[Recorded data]
******

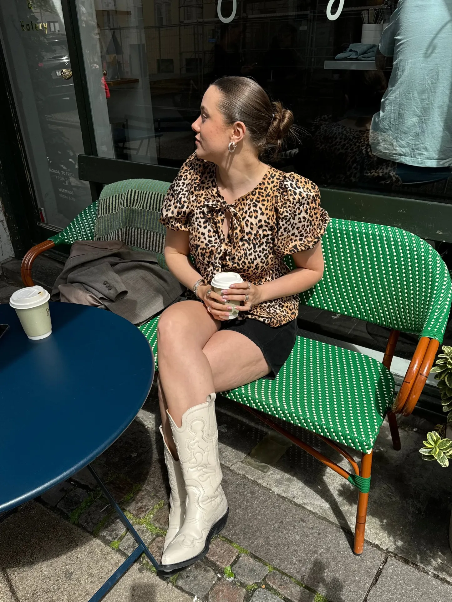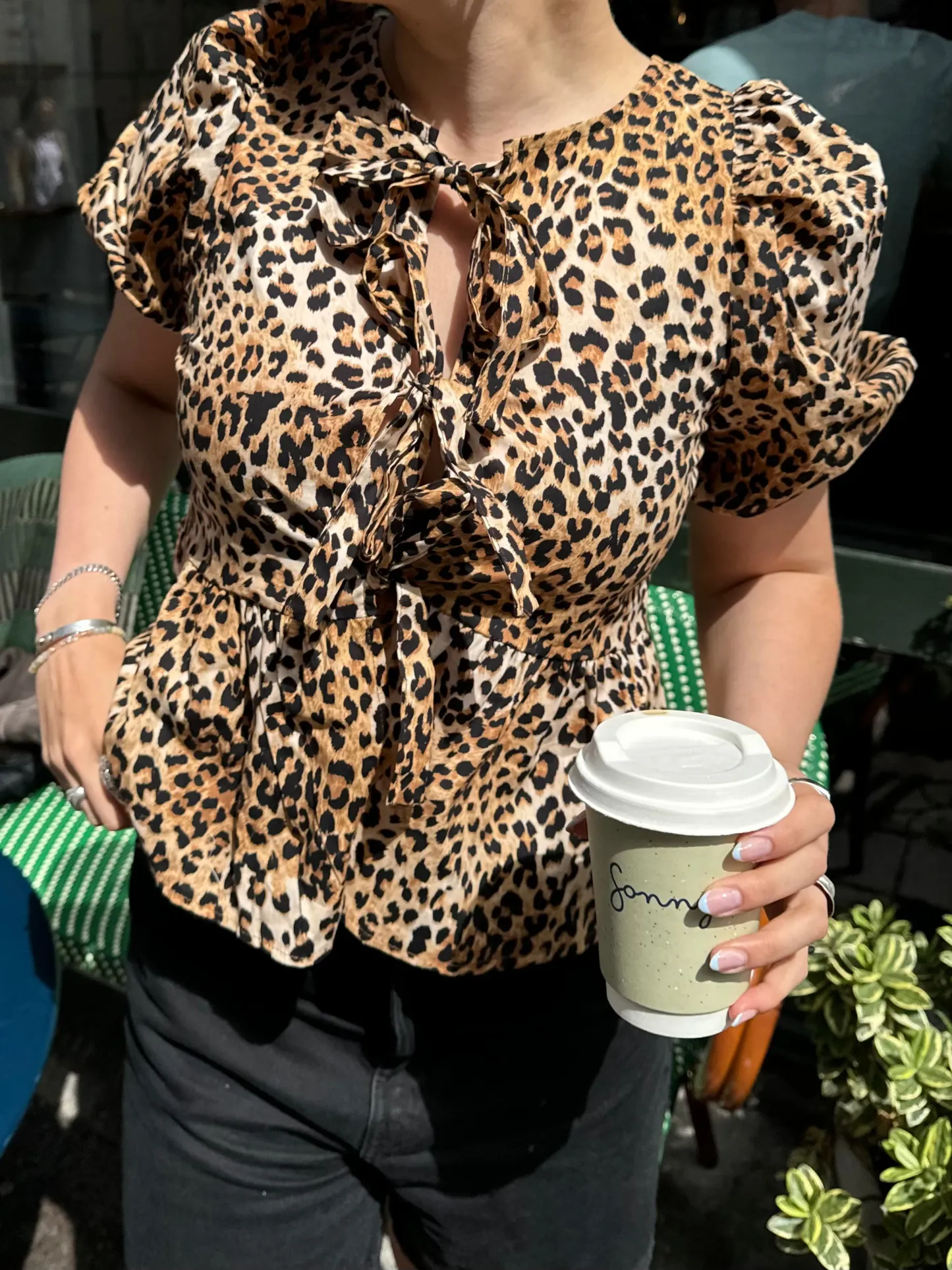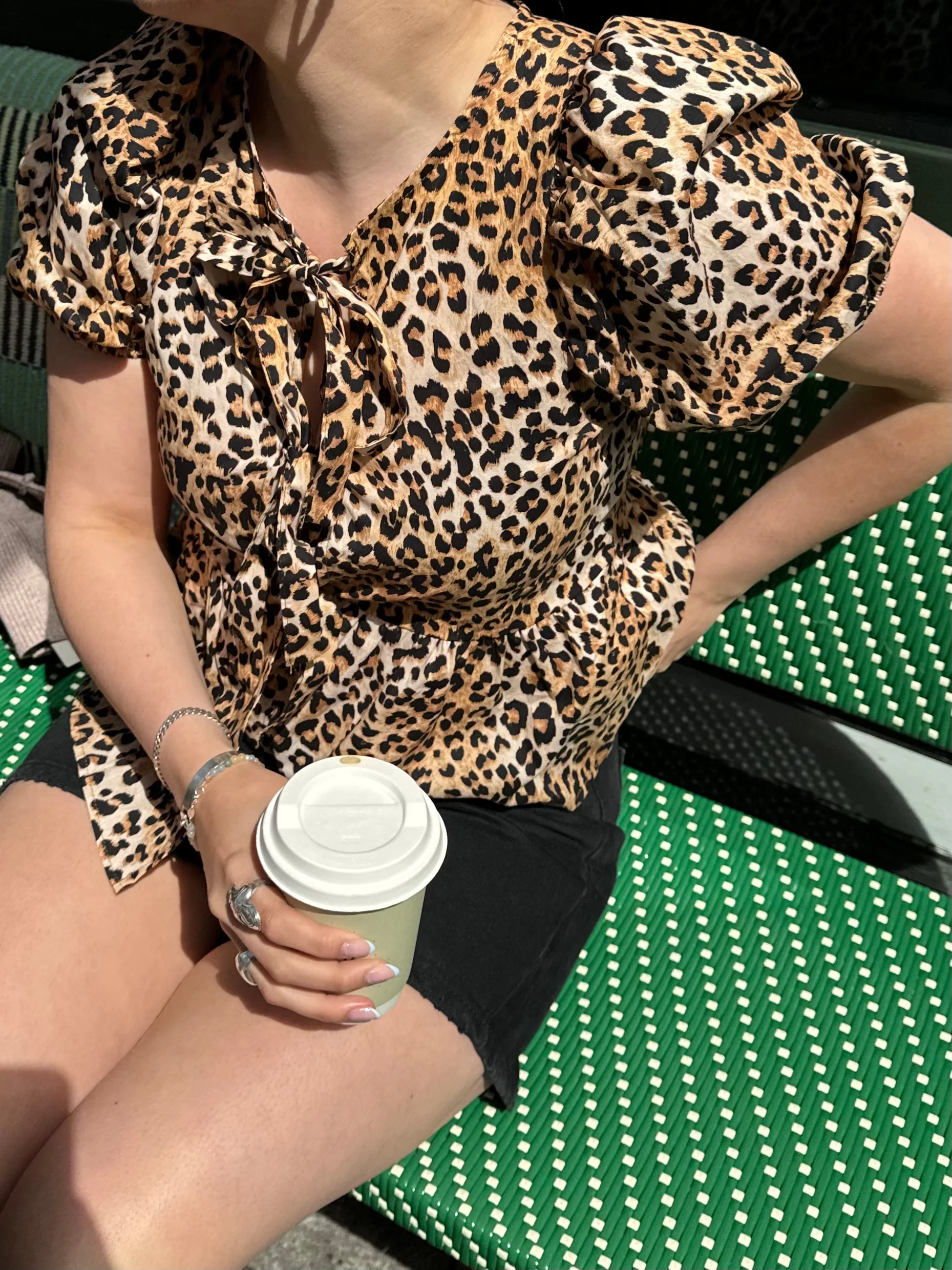 The cutest blouse with leopard print. The blouse has short voluminous sleeves and is tied at the front. It has a normal and comfortable fit.
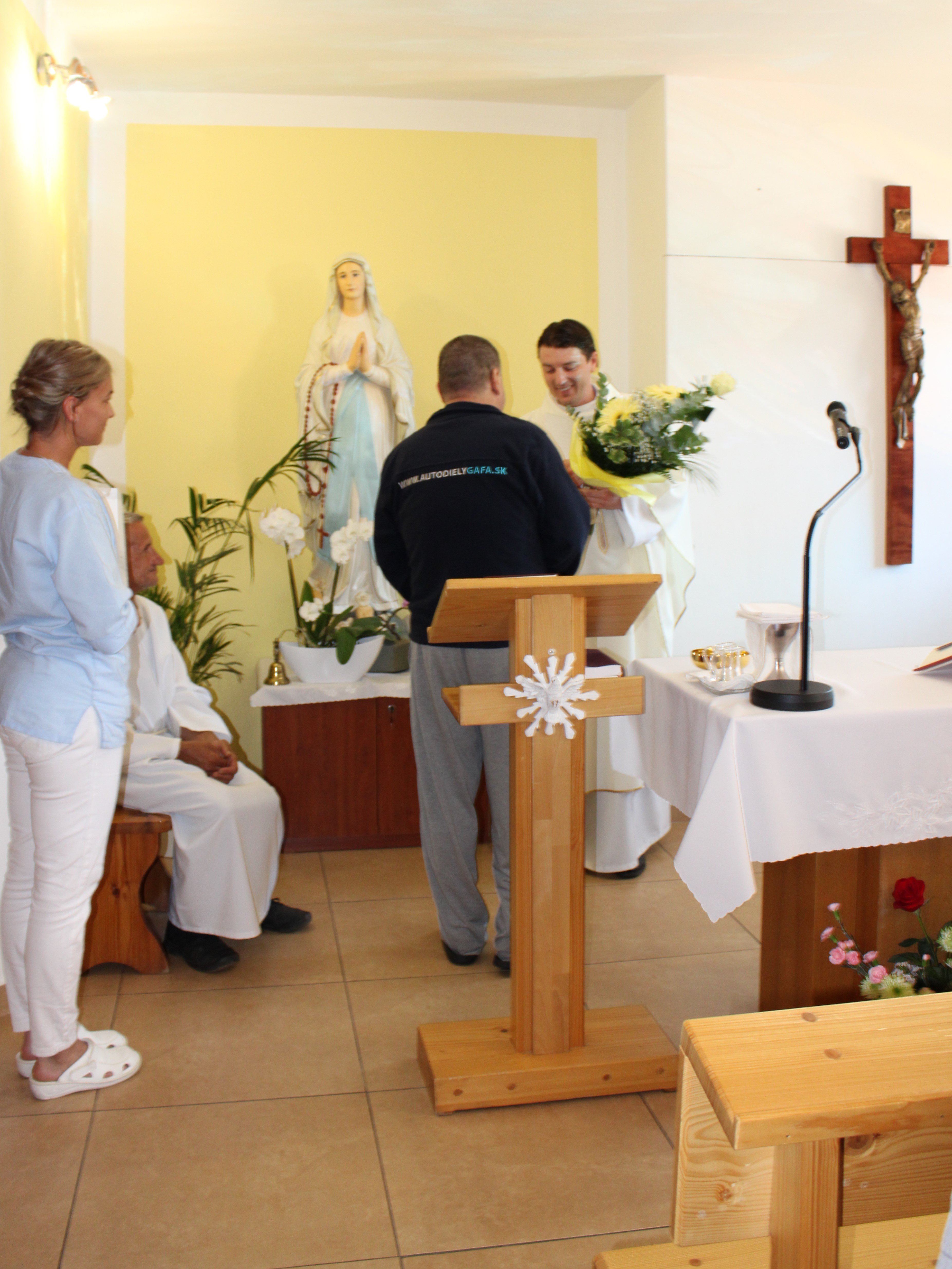 Pán kaplán v mene všetkých zamestnancov a prijímateľov Vám ďakujeme za každé milé slovo, za každú sviatosť a za všetko, čo ste pre nás urobili. V novom pôsobisku Vám prajeme mnoho Božích milostí, požehnania a síl v kňazskej službe.
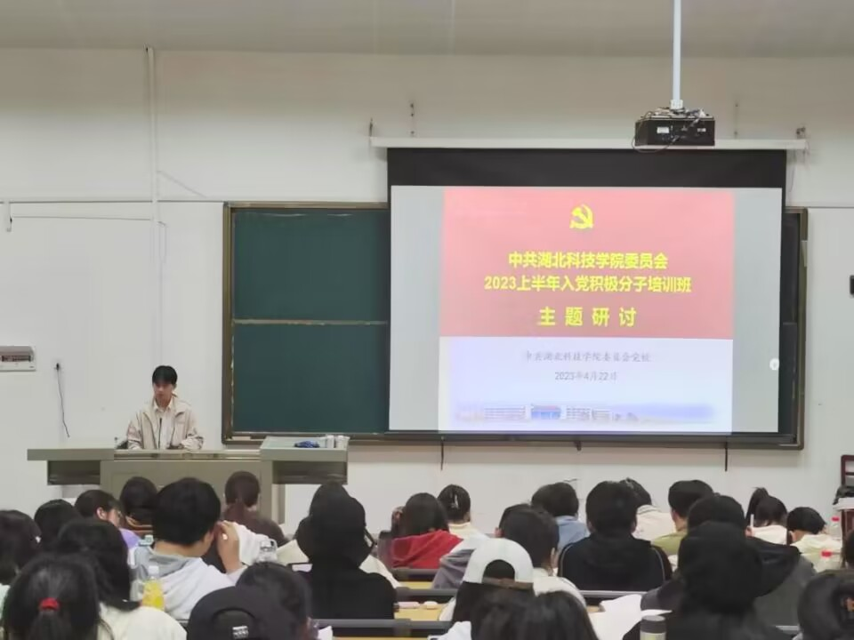 4月22日晚七点,tyc7111cc太阳成集团分党校2023年上半年入党积极分子培训班学员在咸安校区教一201开展以“结合党的二十大精神,谈谈当代大学生的历史使命”为主题的研讨活动,由班主任丁爽老师主持。
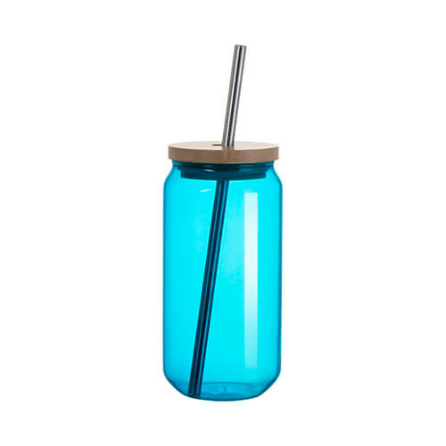 Čaša od 550 ml sa slamkom i bambusovim poklopcem za sublimaciju - tirkizna
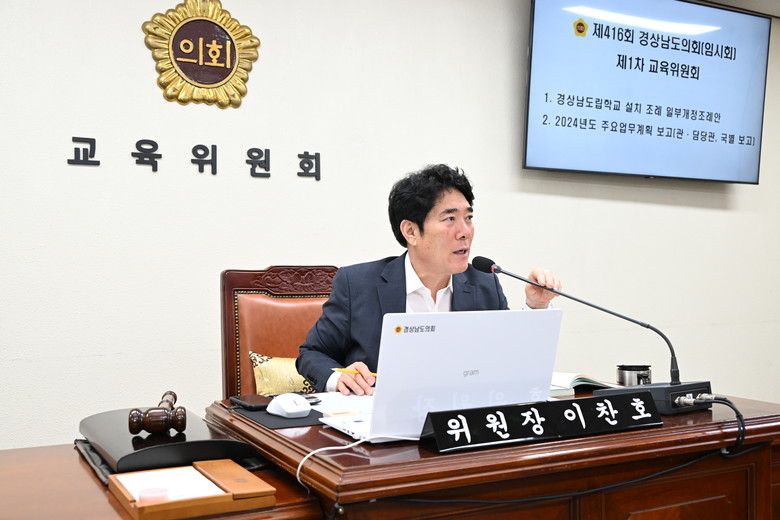 [경남 세계타임즈=최성룡 기자] 경남도의회 교육위원회(위원장 이찬호)는 12대 후반기 원구성 후 처음 개최된 16일 제1차 회의에서「경상남도 도립학교 설치 일부개정조례안」을 원안가결하고 경상남도교육청 소관 주요 업무계획 현황 보고를 받았다.

******

Please copy the preceding records exactly and omit the images.

SOLUTION TO THIS TASK
 The cutest blouse with leopard print. The blouse has short voluminous sleeves and is tied at the front. It has a normal and comfortable fit.
 Pán kaplán v mene všetkých zamestnancov a prijímateľov Vám ďakujeme za každé milé slovo, za každú sviatosť a za všetko, čo ste pre nás urobili. V novom pôsobisku Vám prajeme mnoho Božích milostí, požehnania a síl v kňazskej službe.
 4月22日晚七点,tyc7111cc太阳成集团分党校2023年上半年入党积极分子培训班学员在咸安校区教一201开展以“结合党的二十大精神,谈谈当代大学生的历史使命”为主题的研讨活动,由班主任丁爽老师主持。
 Čaša od 550 ml sa slamkom i bambusovim poklopcem za sublimaciju - tirkizna
 [경남 세계타임즈=최성룡 기자] 경남도의회 교육위원회(위원장 이찬호)는 12대 후반기 원구성 후 처음 개최된 16일 제1차 회의에서「경상남도 도립학교 설치 일부개정조례안」을 원안가결하고 경상남도교육청 소관 주요 업무계획 현황 보고를 받았다.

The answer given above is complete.